Predavanje "Electrical Tissue Property Imaging"

Abstract: The human body is an electrically conducting object with various ions and charge-carrying molecules in complicated structures of cells, tissues and organs. Endogenous currents are generated from excitable cells and exogenous currents can be injected or induced by man-made devices. Inside the human body, there exist electric and magnetic field distributions, which are commonly expressed as voltage, current density and magnetic flux density.

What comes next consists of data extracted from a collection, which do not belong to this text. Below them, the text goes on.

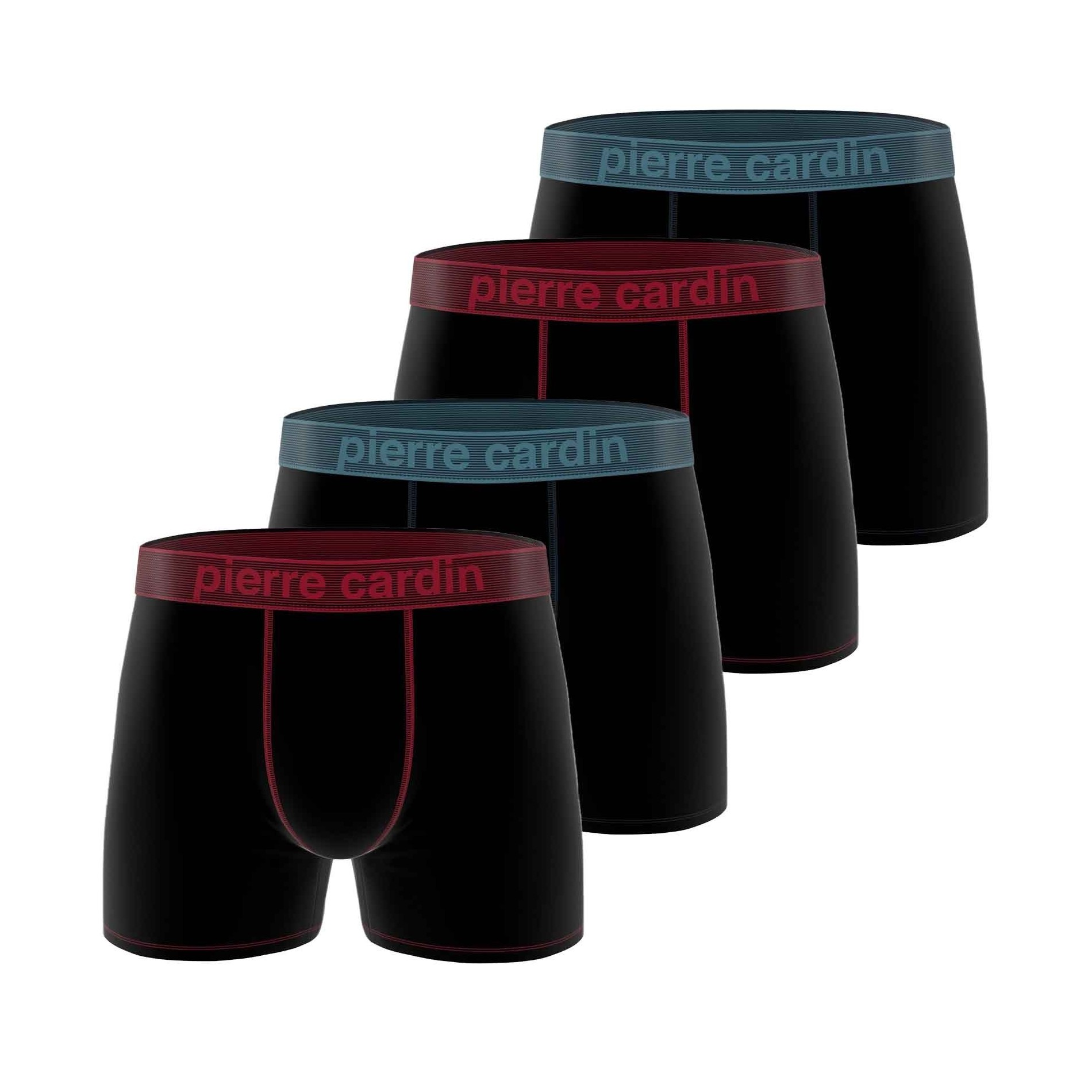 Varje byxa har ett jacquardlogobälte Pierre Cardin och platta sömmar för diskret bärande under alla kläder. De 4 svarta modellerna, som framhävs av vinröda/blå bälten, erbjuder en sober, elegant stil - perfekt för arbete, fritid eller resor.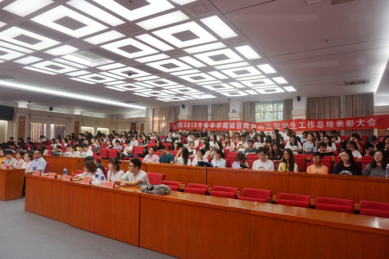 為迎接即將到來的期末考試,不斷完善提高共青團、學生會、青志協(xié)的工作水平,激勵商學院學生積極奮進勇往直前,商學院于6月20日下午開了2018年春季學期誠信教育暨學生工作總結(jié)表彰大會。學院黨委副書記樊江濤、團委書記李艷春、常務副書記李璐和郭建榮、李雨晴兩位輔導員,與學生組織系統(tǒng)主要干部、各班主要負責人近300人一起參加了大會。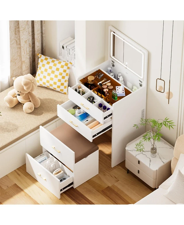 6 Drawers, 2 Shelves, 3 Light Bulbs Mirror Cabinet Dressing Table Set Elegant Vanity with Ample Storage and Led Lighting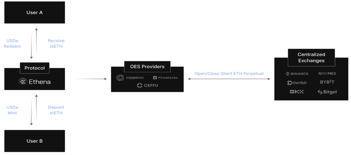 在 Ethena 平台上,用户可以将以太坊或其质押衍生品作为抵押品来铸造 USDe。系统会自动建立 Delta 中性头寸,以稳定 USDe 的价值,抵御抵押资产波动的影响。这一过程包括在衍生品市场开设等值于抵押以太坊价值的空头头寸,从而确保标的资产价格的波动被衍生品头寸的收益或损失所抵消。

In bioelectromagnetism, we study the interplays of these quantities related with structure, pathology, function and metabolism of cells, tissues and organs. 

There are numerous research opportunities and challenges when we view bioelectromagnetism as a tool for imaging. We should non-invasively measure the voltage, current and magnetic flux density data with high signal-to-noise ratio and sensitivity. Innovative new sensing methods are being developed using electrodes and coils with various configurations. Not only presenting and analysing these measured data, we can also reconstruct cross-sectional images of electrical conductivity and permittivity distributions inside electrically conducting objects from the data. 

Electrical impedance tomography (EIT), magnetic resonance electrical impedance tomography (MREIT) and conductivity tensor imaging (CTI) are three imaging methods of interest in bioelectromagnetism. In EIT, electrical currents are injected into an electrically conducting object such as the human body and induced voltages are measured on its surface to produce cross-sectional images of internal conductivity and permittivity distributions. Clinical applications of a portable EIT system may include real-time imaging of lung ventilation and perfusion, real-time imaging of cardiac functions, abdominal fat imaging, upper airway imaging and sleep apnea monitoring and others. MREIT utilizes an MRI scanner to produce high-resolution conductivity and current density images. Its applications may include early-stage tumor imaging, temperature imaging, electric field imaging during electroporation and current density imaging during deep brain stimulation (DBS), transcranial dc stimulation (tDCS) and others. CTI is a new electrodeless conductivity tensor imaging method, which can be easily implemented in a clinical MRI scanner without added hardware for current injection. CTI is expected to find numerous clinical applications as a new diagnostic imaging method. Technical details, experimental validations and applications of EIT, MREIT and CTI in clinical medicine and also biotechnology will be discussed.

Eung Je Woo is currently Professor of Biomedical Engineering, College of Medicine, Kyung Hee University. From 1999 to 2014, he was Professor of Biomedical Engineering, College of Electronics and Information, Kyung Hee University. From 1990 to 1999, he was Assistant and Associate Professor of Biomedical Engineering, College of Medicine, Konkuk University. He received BS and MS degrees in Electronic Engineering from Seoul National University in 1983 and 1985, respectively. In 1990, he received PhD degree in Electrical and Computer Engineering from the University of Wisconsin-Madison. Since 2002, he has been the Director of the Impedance Imaging Research Center (IIRC) at Kyung Hee University. His primary research interests include biomedical instrumentation and impedance imaging methods such as EIT, MREIT, MREPT and CTI. He teaches undergraduate and graduate courses on bioelectromagnetism, biomedical instrumentation, impedance imaging and inverse problem. He has been the member of the KOSOMBE and IEEE EMBS for more than 30 years. He has actively participated in organizing numerous international conferences. In 2006, he was the SPC chair of the WC2006. He is the program chair of the IEEE EMBC17 in Jeju Island.